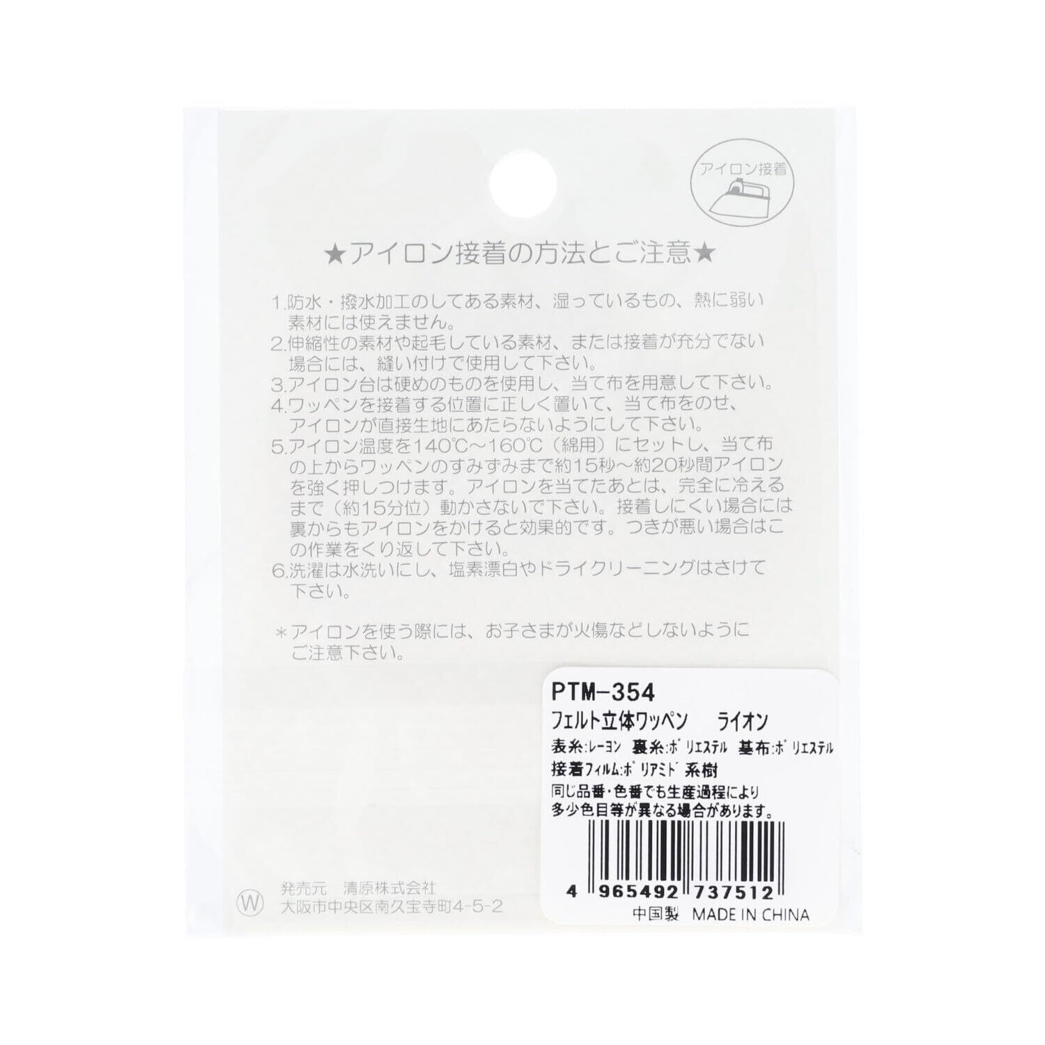 清原(KIYOHARA) プティデポーム フェルト 立体 ワッペン ライオン 約幅6.7cm×縦6.1cm 1枚入り アイロン接着 PTM-354
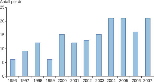Antall barn innlagt med nevroborreliose for hvert av de 12 studieårene er vist i figur 1. Det var en signifikant trend for økning i antall innleggelser når hele perioden ble vurdert som en helhet (p < 0,001). Antall innleggelser per år var signifikant flere i den siste seksårsperioden sammenliknet med den første seksårsperioden (median 18,5 (variasjon 13 – 21) versus 10,5 (variasjon 6 – 15), p = 0,004).
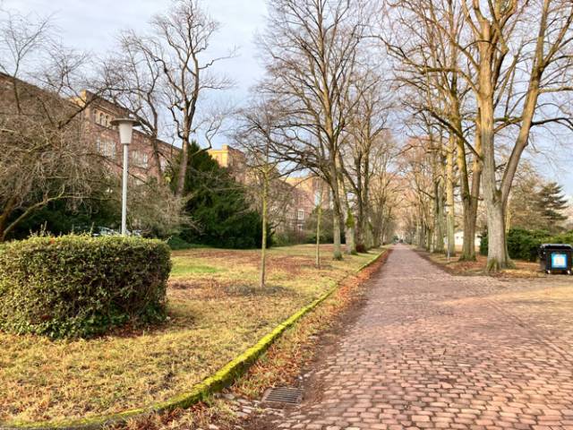 Immer wenn wir einen Spaziergang zum Schloss machen, wähle ich den Weg hinter der Oberfinanzdirektion entlang. Die Szene erinnert an eine andere Zeit im Sinne einer Filmkulisse. Mit dem Fahrrad meide ich diese grob gepflasterte Straße und denke dabei auch an Radfahrer*innen in Berlin oder Leipzig. Dort gibt es recht viele derartige Straßen –

## What to work on
Restate the listing word for word, pictures excluded.

## Reply
 清原(KIYOHARA) プティデポーム フェルト 立体 ワッペン ライオン 約幅6.7cm×縦6.1cm 1枚入り アイロン接着 PTM-354
Antall barn innlagt med nevroborreliose for hvert av de 12 studieårene er vist i figur 1. Det var en signifikant trend for økning i antall innleggelser når hele perioden ble vurdert som en helhet (p < 0,001). Antall innleggelser per år var signifikant flere i den siste seksårsperioden sammenliknet med den første seksårsperioden (median 18,5 (variasjon 13 – 21) versus 10,5 (variasjon 6 – 15), p = 0,004).
 Immer wenn wir einen Spaziergang zum Schloss machen, wähle ich den Weg hinter der Oberfinanzdirektion entlang. Die Szene erinnert an eine andere Zeit im Sinne einer Filmkulisse. Mit dem Fahrrad meide ich diese grob gepflasterte Straße und denke dabei auch an Radfahrer*innen in Berlin oder Leipzig. Dort gibt es recht viele derartige Straßen –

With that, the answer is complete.